Initially, `T.gemm_sp` followed the same design as `T.gemm`, lowering to a `CUTLASS` template. This inherently requires metadata to be reordered offline following a predetermined layout.

However, fixing a specific layout introduces several potential issues:

1. Painful debugging experience: Debugging a failed kernel becomes difficult due to the reordered indexing, including permutations and swizzling.
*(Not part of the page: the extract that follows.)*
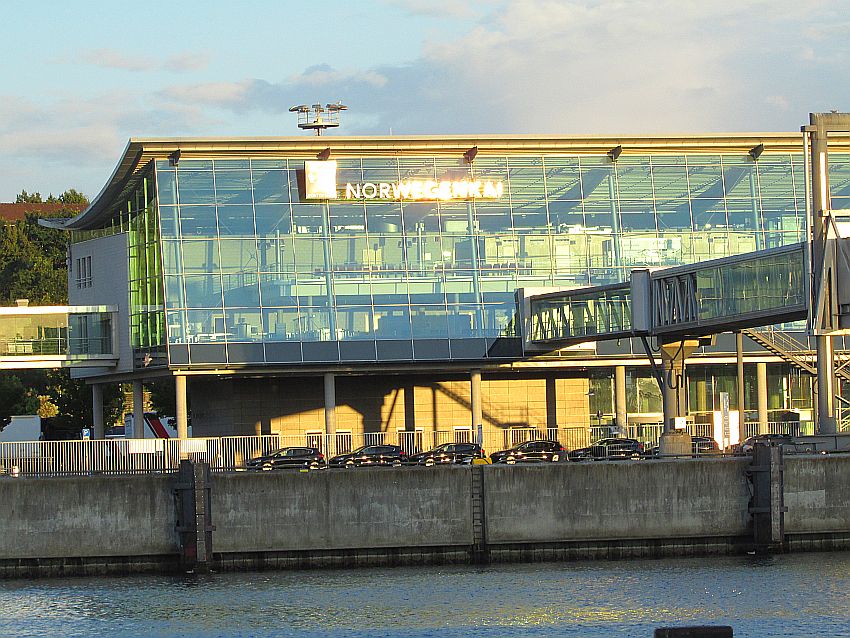 Hinter einem hohen Zaun strahlen die getönten Scheiben des Abfertigungsgebäudes am Nowegenkai mit der sinkenden Sommersonne um die Wette. Ein toller Anblick.

2. Limited flexibility: For example, concatenating two compressed tensors, such as `A_sparse_0` and `A_sparse_1`, into a new `A_sparse` makes sense. However, concatenating their metadata `E_0` and `E_1` may not be valid unless the layout allows it mathematically.

3. Alignment requirements: `CUTLASS` enforces strict alignment checks, and many hyperparameter configurations can lead to compilation errors. (For reference, sm8x was implemented in `CUTLASS 2`.)

`T.gemm_sp_v2` was designed to address these limitations, following the approach of `T.gemm_v2`. It lowers directly to PTX, removing the need for a fixed metadata layout.